WORK TO COMPLETE
Set the data down again, exactly as it reads, but without the pictures.

SOURCE DATA
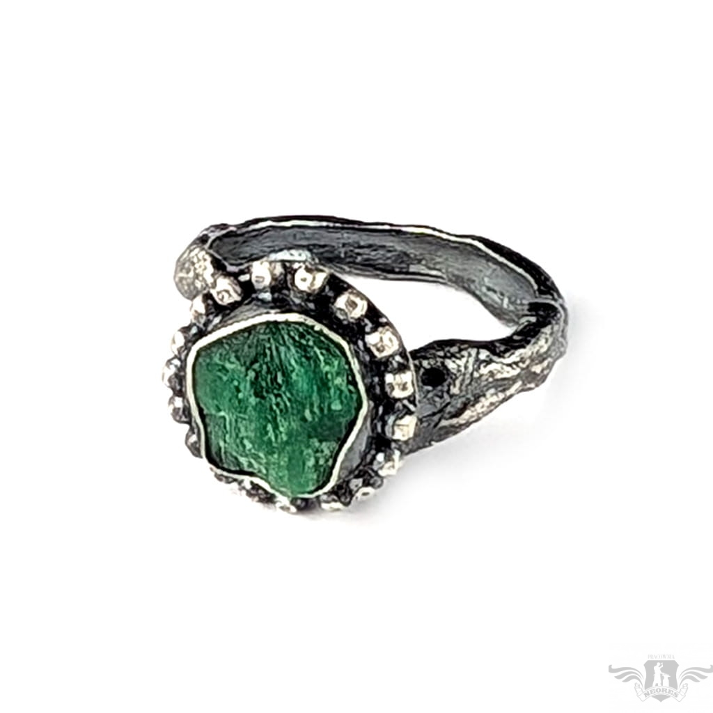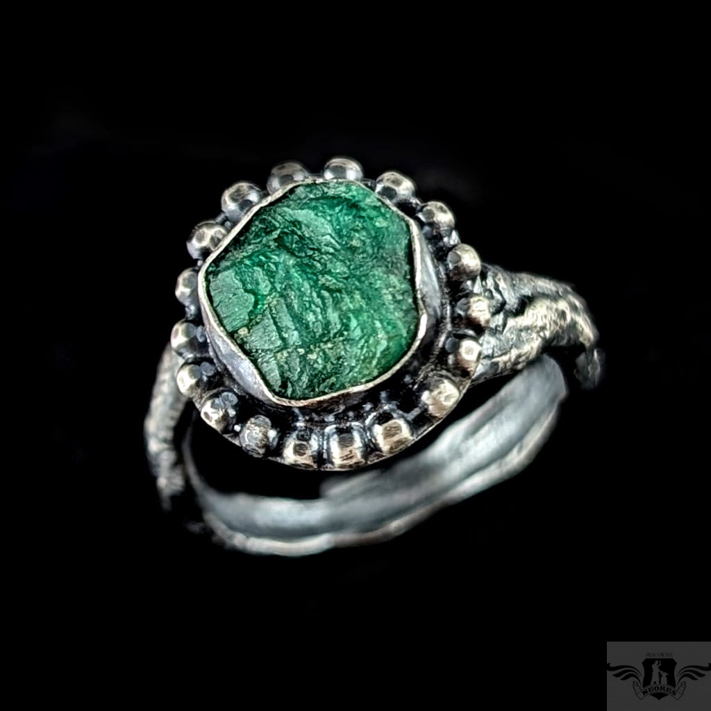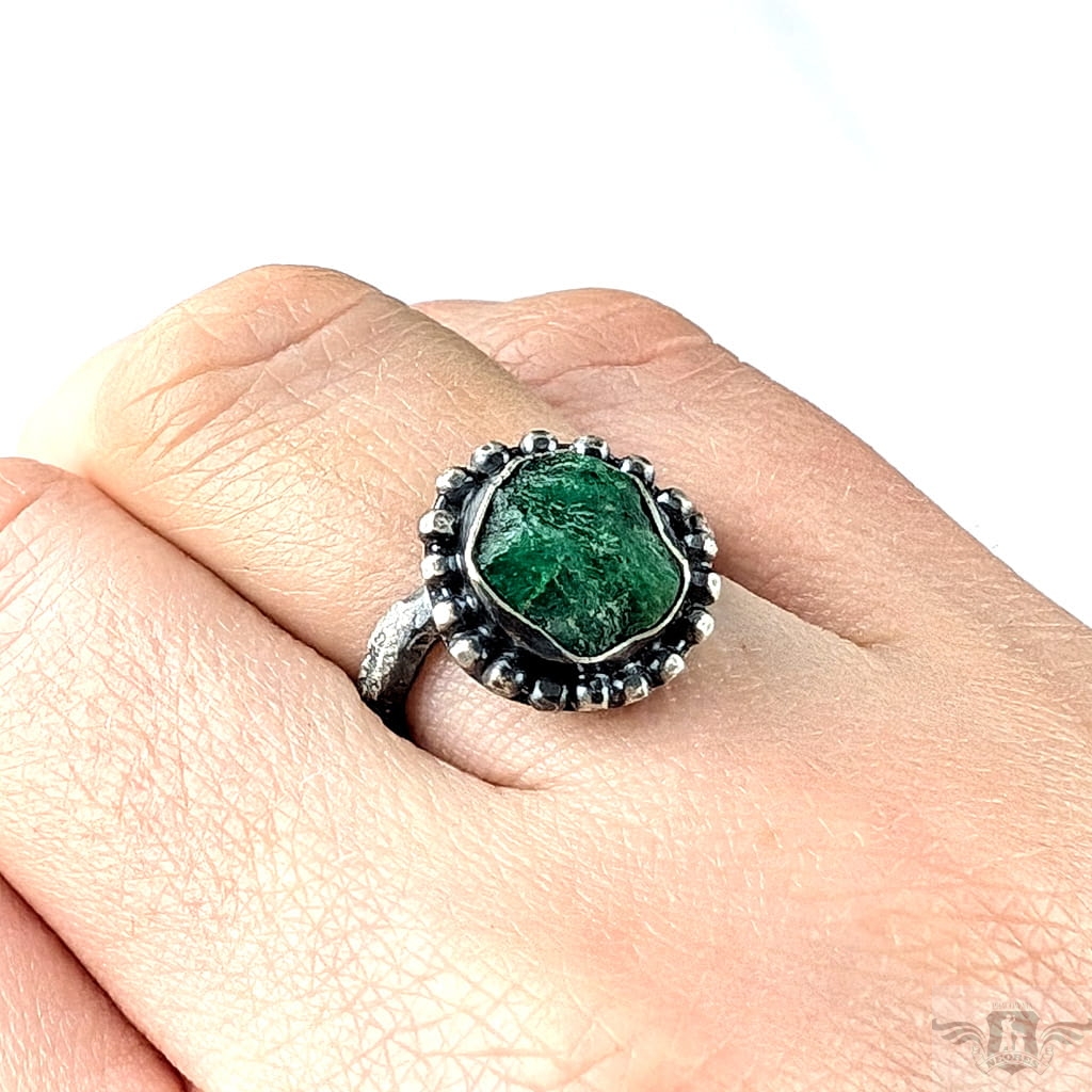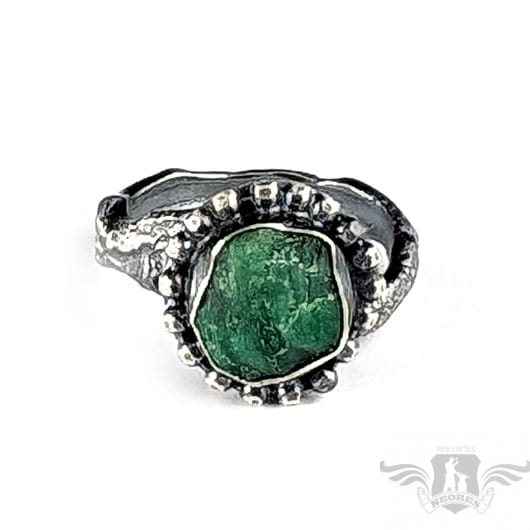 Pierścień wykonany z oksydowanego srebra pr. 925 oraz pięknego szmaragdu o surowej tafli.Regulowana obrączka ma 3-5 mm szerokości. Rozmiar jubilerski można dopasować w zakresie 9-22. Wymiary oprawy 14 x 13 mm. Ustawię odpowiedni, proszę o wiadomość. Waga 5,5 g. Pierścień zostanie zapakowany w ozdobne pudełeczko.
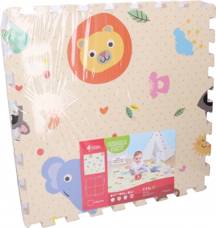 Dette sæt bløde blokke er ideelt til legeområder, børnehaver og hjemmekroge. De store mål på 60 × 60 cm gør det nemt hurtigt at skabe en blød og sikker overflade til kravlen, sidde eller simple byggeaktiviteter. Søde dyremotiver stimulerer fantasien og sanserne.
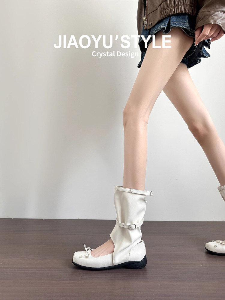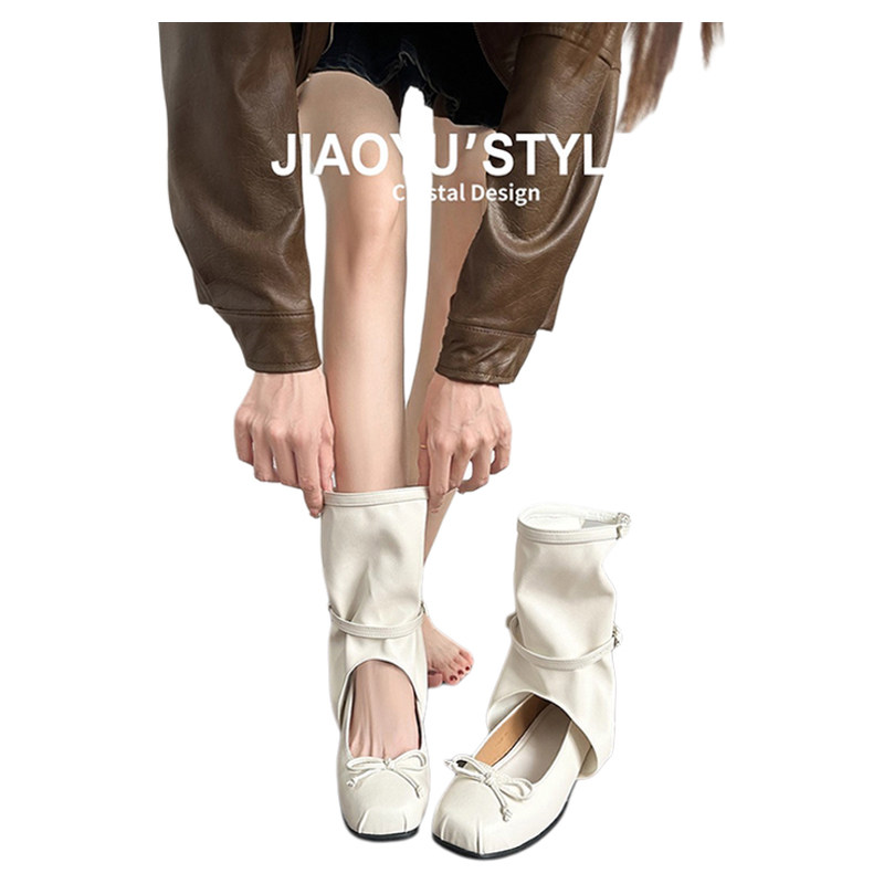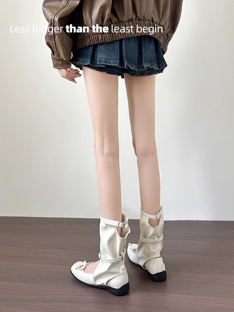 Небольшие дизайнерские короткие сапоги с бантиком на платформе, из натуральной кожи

EXERCISE OUTPUT
 Pierścień wykonany z oksydowanego srebra pr. 925 oraz pięknego szmaragdu o surowej tafli.Regulowana obrączka ma 3-5 mm szerokości. Rozmiar jubilerski można dopasować w zakresie 9-22. Wymiary oprawy 14 x 13 mm. Ustawię odpowiedni, proszę o wiadomość. Waga 5,5 g. Pierścień zostanie zapakowany w ozdobne pudełeczko.
 Dette sæt bløde blokke er ideelt til legeområder, børnehaver og hjemmekroge. De store mål på 60 × 60 cm gør det nemt hurtigt at skabe en blød og sikker overflade til kravlen, sidde eller simple byggeaktiviteter. Søde dyremotiver stimulerer fantasien og sanserne.
 Небольшие дизайнерские короткие сапоги с бантиком на платформе, из натуральной кожи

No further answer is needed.